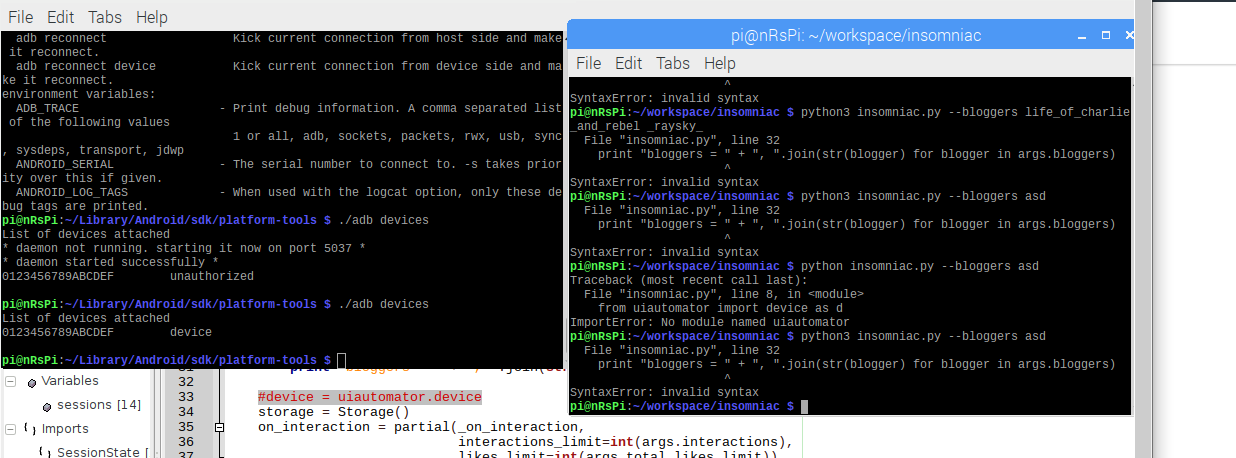 python tmp.pyand that opens the Clock application.So uiautomator is working fine
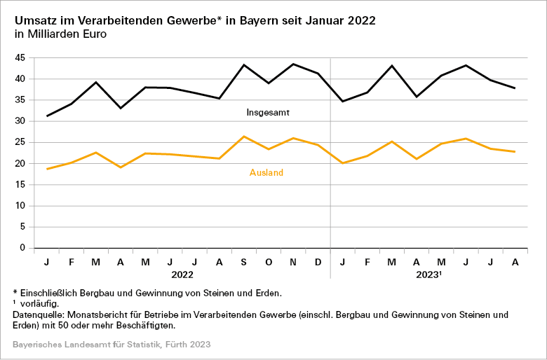 Das Verarbeitende Gewerbe Bayerns verzeichnet im August 2023 gegenüber dem Vorjahresmonat einen nominalen Umsatzzuwachs von 6,8 Prozent auf rund 37,8 Milliarden Euro. Nach Feststellung des Bayerischen Landesamts für Statistik nehmen die Auslandsumsätze dabei um 7,9 Prozent auf 22,8 Milliarden Euro zu. Die Exportquote beträgt 60,3 Prozent. Die Umsätze mit den Ländern der Eurozone steigen um 7,7 Prozent, ihr Anteil am Gesamtumsatz beläuft sich auf 17,3 Prozent. Die Nachfrage nach bayerischen Industriegütern steigt preisbereinigt um 1,3 Prozent, der Personalstand erhöht sich um 1,6 Prozent.
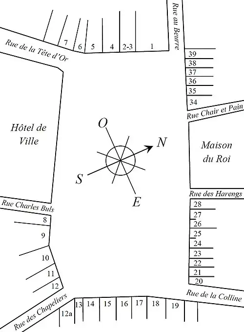 In addition to the name of the respective guild, each house has its own name. The house numbering starts at the northern corner of the square to the left of the Rue au Beurre/Boterstraat in a counter-clockwise direction. The most beautiful houses are probably no. 1 to 7 on the north-western side. On the south-western side, between the Rue de la Tête d'or/Guldenhoofdstraat and Rue Charles Buls/Karel Bulsstraat, are the Town Hall, and the houses no. 8 to 12 to the left of it on the south-eastern side. Still on the south-eastern side, between the Rue des Chapeliers/Hoedenmakersstraat and the Rue de la Colline/Bergstraat, are the houses no. 13 to 19. On the north-eastern side, the King's House, which is located between the Rue des Harengs/Haringstraat and the Rue Chair et Pain/Vlees-en-Broodstraat, is to the right of the houses no. 20 to 28 and to the left of the houses no. 34 to 39.[80]
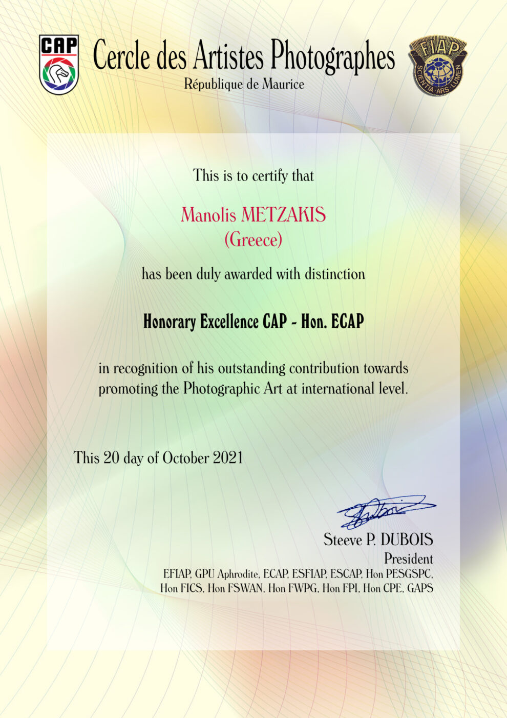 The Cercle des Artistes Photographes from the island of Mauritius, have the great pleasure to award Metzakis Manolis the distinction “Honorary Excellence CAP – Hon ECAP” for his efforts in the promotion of the art of photography.
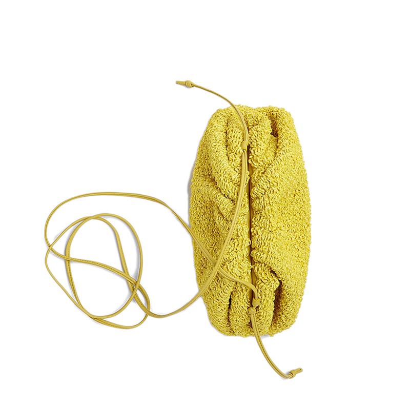 【包税】Bottega Veneta/葆蝶家 21春夏新款POUCH系列 女士迷你黄香李色小牛皮圈绒手拿斜挎云朵包585852V0SR12671
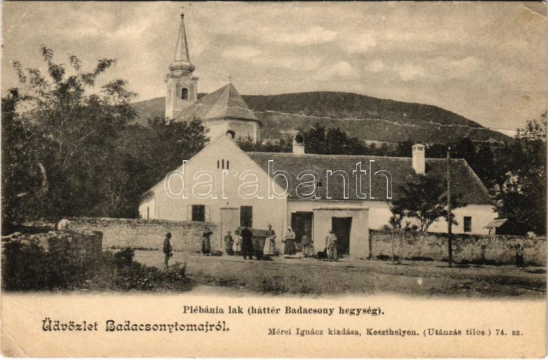 Beschreibung: Badacsonytomaj, Plébánia lak és templom (háttérben a Badacsony hegység). Mérei Ignác 74. (fa)
□ □ □ □ □
▶ [Exercise goal] Down to the last line, return the entries above exactly, with no pictures.

▶ [Solution to this exercise]
 python tmp.pyand that opens the Clock application.So uiautomator is working fine
 Das Verarbeitende Gewerbe Bayerns verzeichnet im August 2023 gegenüber dem Vorjahresmonat einen nominalen Umsatzzuwachs von 6,8 Prozent auf rund 37,8 Milliarden Euro. Nach Feststellung des Bayerischen Landesamts für Statistik nehmen die Auslandsumsätze dabei um 7,9 Prozent auf 22,8 Milliarden Euro zu. Die Exportquote beträgt 60,3 Prozent. Die Umsätze mit den Ländern der Eurozone steigen um 7,7 Prozent, ihr Anteil am Gesamtumsatz beläuft sich auf 17,3 Prozent. Die Nachfrage nach bayerischen Industriegütern steigt preisbereinigt um 1,3 Prozent, der Personalstand erhöht sich um 1,6 Prozent.
 In addition to the name of the respective guild, each house has its own name. The house numbering starts at the northern corner of the square to the left of the Rue au Beurre/Boterstraat in a counter-clockwise direction. The most beautiful houses are probably no. 1 to 7 on the north-western side. On the south-western side, between the Rue de la Tête d'or/Guldenhoofdstraat and Rue Charles Buls/Karel Bulsstraat, are the Town Hall, and the houses no. 8 to 12 to the left of it on the south-eastern side. Still on the south-eastern side, between the Rue des Chapeliers/Hoedenmakersstraat and the Rue de la Colline/Bergstraat, are the houses no. 13 to 19. On the north-eastern side, the King's House, which is located between the Rue des Harengs/Haringstraat and the Rue Chair et Pain/Vlees-en-Broodstraat, is to the right of the houses no. 20 to 28 and to the left of the houses no. 34 to 39.[80]
 The Cercle des Artistes Photographes from the island of Mauritius, have the great pleasure to award Metzakis Manolis the distinction “Honorary Excellence CAP – Hon ECAP” for his efforts in the promotion of the art of photography.
 【包税】Bottega Veneta/葆蝶家 21春夏新款POUCH系列 女士迷你黄香李色小牛皮圈绒手拿斜挎云朵包585852V0SR12671
 Beschreibung: Badacsonytomaj, Plébánia lak és templom (háttérben a Badacsony hegység). Mérei Ignác 74. (fa)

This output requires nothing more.